Katheryn and Miles Hood Swarthout
John and Penny Swartwout Kochtitzky were unable to make the reunion after making all their reservations, living in Hattiesburg, Mississippi, their home was damaged during Hurricane Katrina, it will be several weeks before their power is restored and they are now using a generator for power. Penny said it takes four hours to get through the line for fuel. We all wish them the best.
Swarthout Family Gathering
This photo of Stanley Cecil Swarthout was taken May 14, 1944 and used in a newspaper article concerning his plane being shot down.
Letter From Miles
My mother Kathryn and I so much enjoyed meeting a number of my Swarthout kin at the nice Sunday afternoon party hosted by Neil and Joan Swarthout in sunny Mesa, Arizona, the day before Labor Day. You folks really know your Dutch family history and your genealogy studies were impressive. Kathryn and I went on for quite awhile speaking the the group about Glendon and his prize-winning novels and our Michigan branch of the Swarthouts. I guess we didn't put anybody to napping, but you all wanted to know more about Glendon, sinse you never had a chance to meet the famous novelist in person. He died in Scottsdale of emphysema from his life-long smoking in September of '92 and you didn't start hosting these family reunions, Mary, until 1993.

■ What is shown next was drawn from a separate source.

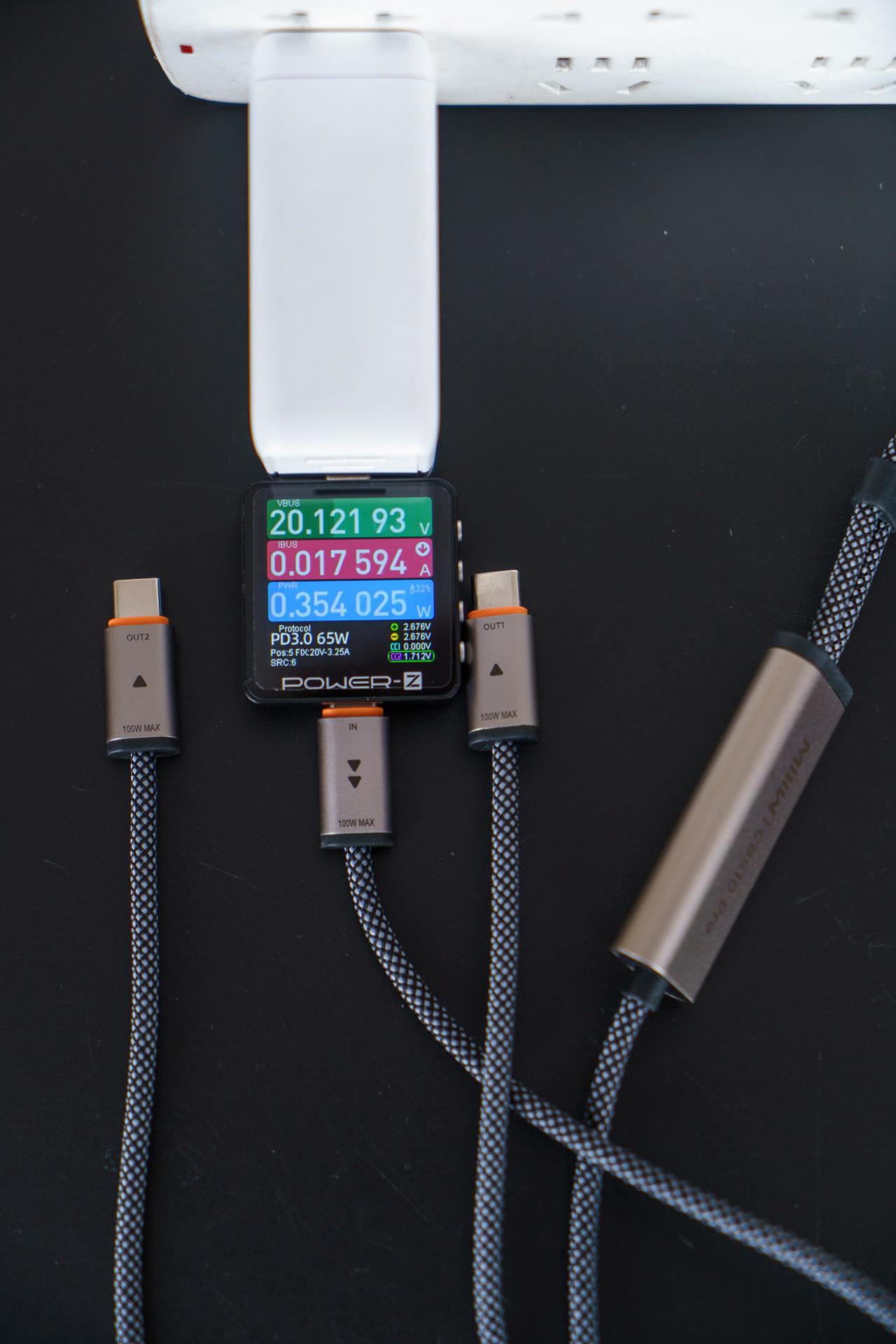 可能有不少和我一样的数码爱好者,抽屉里有各种品牌的手机时不时拿出来玩一下,对应的原厂充电头也很多,但是插排位置却很紧张,那有没有一种方案既节省插排空间又可以利用到各自品牌的私有协议快充?有,那就是协议转换充电线,这期先介绍一下来自米物的小米私有协议转换充电线-米物超级充电线(一拖二) CB510Pro ,比如可以把VIVO的充电头转换成带有小米私有协议的充电头

But dad lives on in his late night moveis and in libraries around the world, and I was happy to seel and sign some of his and my novels to a very avid group of book collectors. I'm not trying to make carloads of money off these small transactions, and yes, I do buy my copies at an author's discount from the publisher, if they are still in print. But when you factor in postage and the mailers and my trips back and forth to the post office, it's more a labor of family respect than a moneymaker for me.
So - here's the same deal I offered to the Swarthouts assembled in Mesa, to any other Swarthout who wish to own novels written by their famous literary namesake.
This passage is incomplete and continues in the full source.